## LISTED RECORDS
----------
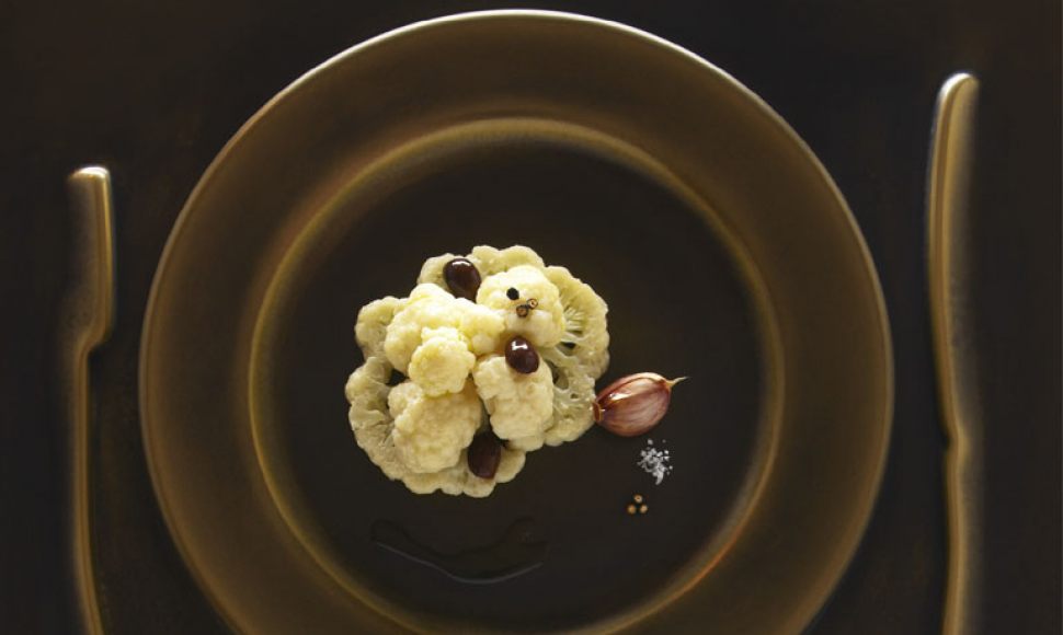 "Cali’a frori soffocáu est une recette assez commune en Sardaigne (soffocáu signifie "à l’étouffée" en sarde). Nous avons beaucoup raccourci la cuisson, préféré les olives noires aux vertes et l’ail confit à l’ail frais."
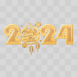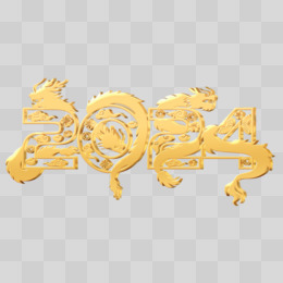 2024甲辰龙年剪纸数字艺术字金色立体设计
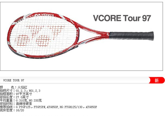??? 網(wǎng)上的很多網(wǎng)店都是在說是這款YONEX VCORE TOUR 97網(wǎng)球拍。可是來之尤尼克斯的消息,瓦林卡用的網(wǎng)球拍是全新款,還未上市。那么到底瓦林卡用的什么網(wǎng)球拍呢?
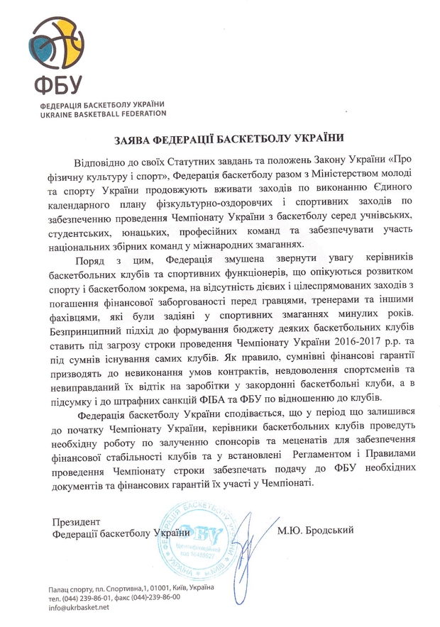 Федерація баскетболу України звернулася до клубів-боржників із заявою. У ній Президент ФБУ Михайло Бродський висловив стурбованість щодо безпринципного підходу до формування бюджету баскетбольних клубів. Це ставить під загрозу строки проведення Чемпіонату України 2016-2017 років та під сумнів існування самих клубів-боржників.
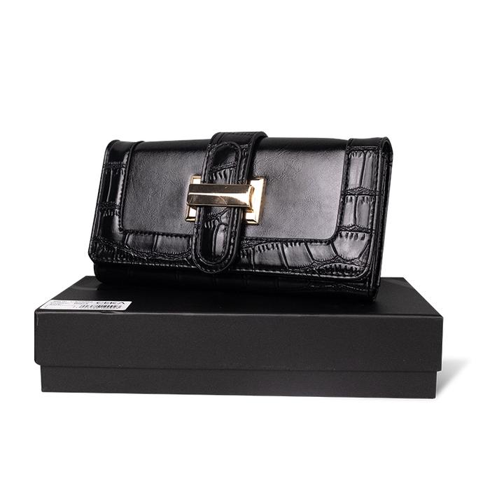 Ceka Dompet Wanita Serbaguna Panjang Dompet Croco Kulit Dompet Kartu Terbaru - Lindex Long Wallet - Black, Box
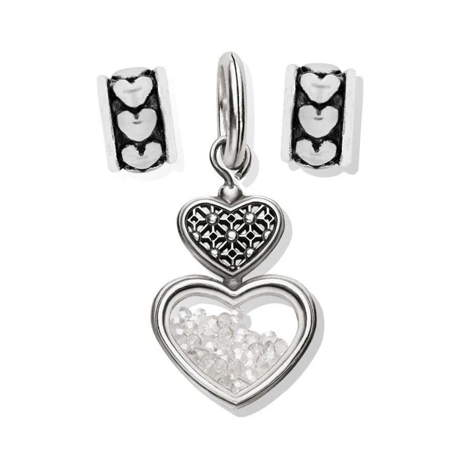 A shaker heart charm with fine crystals and spacers with rows of hearts are reminders to count her blessings – especially all the love in her life.
----------
## ASSIGNMENT
When you restate the listing, keep every word as it is and drop the pictures.

## TASK ANSWER
 "Cali’a frori soffocáu est une recette assez commune en Sardaigne (soffocáu signifie "à l’étouffée" en sarde). Nous avons beaucoup raccourci la cuisson, préféré les olives noires aux vertes et l’ail confit à l’ail frais."
 2024甲辰龙年剪纸数字艺术字金色立体设计
??? 網(wǎng)上的很多網(wǎng)店都是在說是這款YONEX VCORE TOUR 97網(wǎng)球拍。可是來之尤尼克斯的消息,瓦林卡用的網(wǎng)球拍是全新款,還未上市。那么到底瓦林卡用的什么網(wǎng)球拍呢?
 Федерація баскетболу України звернулася до клубів-боржників із заявою. У ній Президент ФБУ Михайло Бродський висловив стурбованість щодо безпринципного підходу до формування бюджету баскетбольних клубів. Це ставить під загрозу строки проведення Чемпіонату України 2016-2017 років та під сумнів існування самих клубів-боржників.
 Ceka Dompet Wanita Serbaguna Panjang Dompet Croco Kulit Dompet Kartu Terbaru - Lindex Long Wallet - Black, Box
 A shaker heart charm with fine crystals and spacers with rows of hearts are reminders to count her blessings – especially all the love in her life.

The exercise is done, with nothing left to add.